Rental advocates are warning about mass no-grounds evictions in New South Wales between now and the end of the year unless the state government acts to stop dodgy landlords.
Over the weekend, the state Labor government announced it would introduce legislation to stop no-grounds evictions in September. The NSW premier, Chris Minns, said he hoped it would be passed and come into effect by the start of 2025.
No-grounds evictions allow landlords to evict a tenant without giving any reason, even when the tenant has paid their rent on time, looked after the home and the landlord intends to keep renting out the property.
While the long-awaited reforms, which also include the introduction of a portable bond scheme, have largely been welcomed, there is concern about renters and investors.
While broadly supporting the move, the Tenants’ Union of NSW chief executive, Leo Patterson Ross, said the government needed to ensure renters were not booted from their homes in the next six months.

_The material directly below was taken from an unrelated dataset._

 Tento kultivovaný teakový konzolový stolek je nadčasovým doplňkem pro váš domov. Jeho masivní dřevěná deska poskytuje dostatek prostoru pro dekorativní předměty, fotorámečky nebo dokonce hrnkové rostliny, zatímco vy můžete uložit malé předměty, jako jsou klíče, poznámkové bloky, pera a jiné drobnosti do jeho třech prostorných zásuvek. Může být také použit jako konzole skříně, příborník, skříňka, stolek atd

“We are concerned about the potential for evictions to occur before the legislation come into effect in order to avoid the legislation,” he said.
“That’s a live concern. We saw a similar phenomenon in Victoria when they did their reforms. This is something that the [NSW] government needs to be conscious of.”

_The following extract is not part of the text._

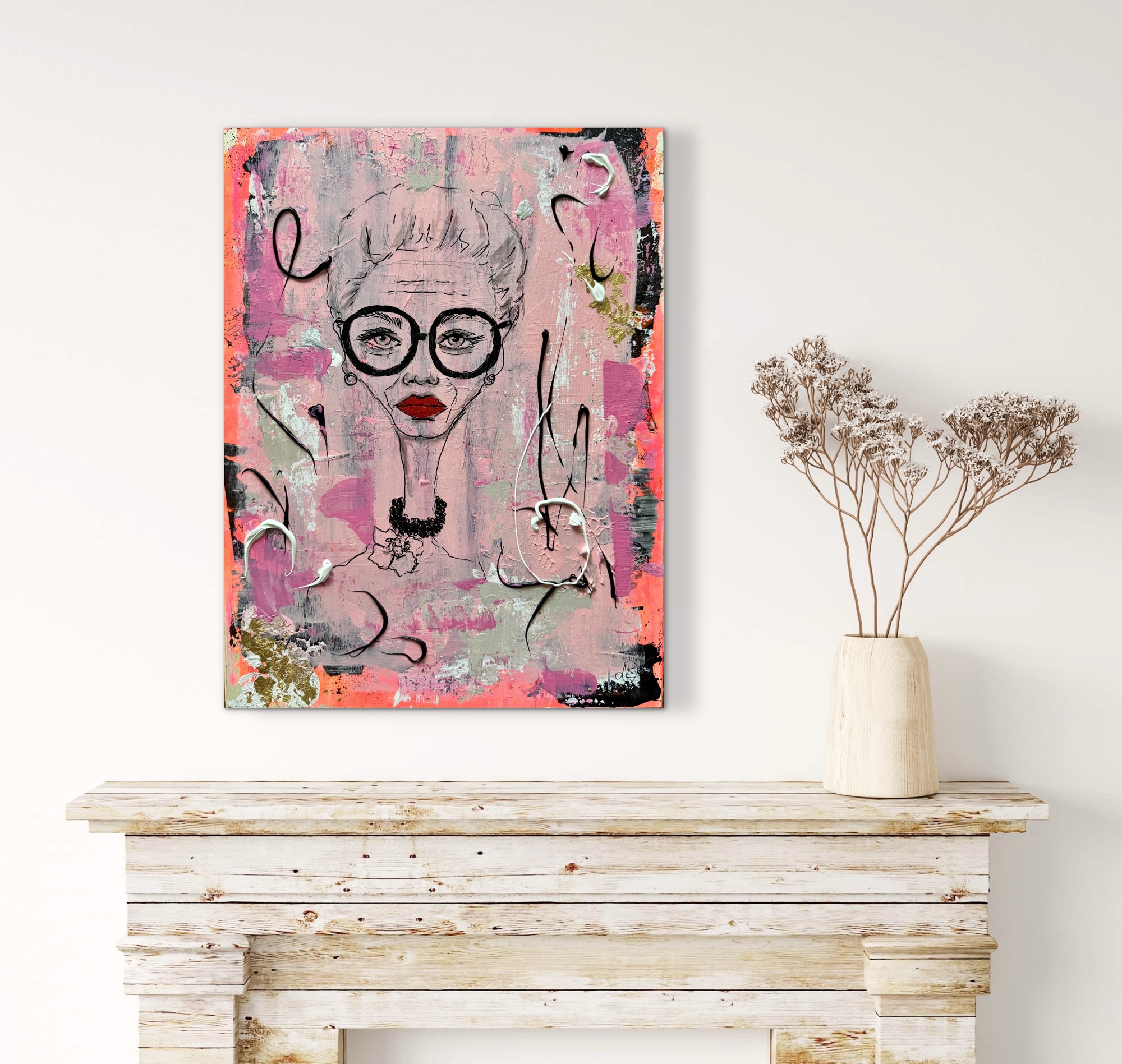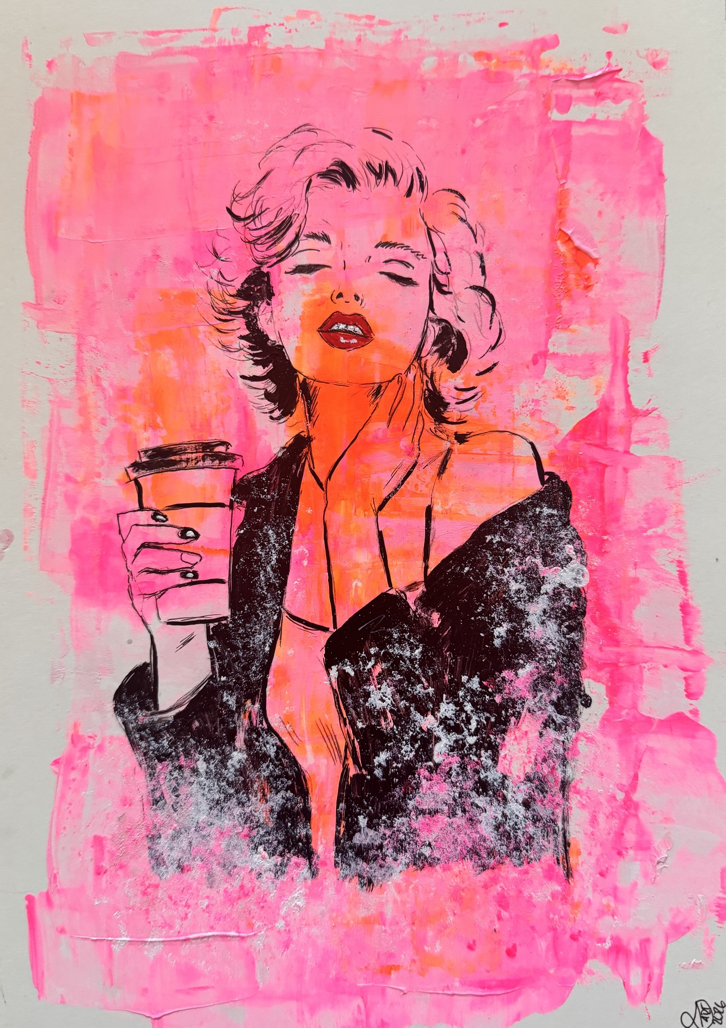 Pink Attitude“ Acryl auf Karton, 29,5 × 21 cm

He said there were options for transitional period protections, including giving the rental tribunal discretion to decline to terminate a lease if it appeared the eviction was not being served for one of the reasons outlined in the legislation.
Under the changes, landlords would only be able to end a lease if there were “reasonable grounds”, including if the home was damaged, needed renovation, the owners wanted to move back in or if a tenant was not paying.
Explaining the reforms on Monday, Minns said the state’s 2 million renters would be better off and he hoped it would help keep living in Sydney affordable.
“If we don’t do something about it, our best and brightest will leave,” he said.
He said penalties for landlords caught doing the wrong thing could not be nominal and treated as the “cost of doing business”, but that they had not been finalised.
Concerns about the impacts on renters over the next six months were echoed by the NSW Council of Social Service’s acting chief executive, Ben McAlpine, who mostly welcomed the reforms as a big step forward for the state.
“The situation for renters has been significantly unfair, and this will start to rebalance our housing system, to make it fairer,” he said.
Homelessness NSW’s chief executive, Dominique Rowe, said the no-grounds reforms were “sensible” but more was needed to “fix the broken housing market”.
She called on the government to spend $1bn a year for the next 10 years to double the proportion of social homes to take the pressure off rising rents, and to better regulate the short-term rental market.
The property sector has expressed concerns over the changes, with the state property council’s executive director, Katie Stevenson, flagging that “removing no-grounds evictions could mean fewer investors seeking to own and manage a long-term private rental property”.
She said that would lead to less rental stock on the market during a housing crisis.
“Small-scale mum and dad investors dominate the market in NSW, and the additional cost and uncertainty could mean they’ll simply sell up and remove vital rental homes from the market,” she said.
The opposition leader, Mark Speakman, pledged to closely examine the legislation but said it would not solve the housing crisis.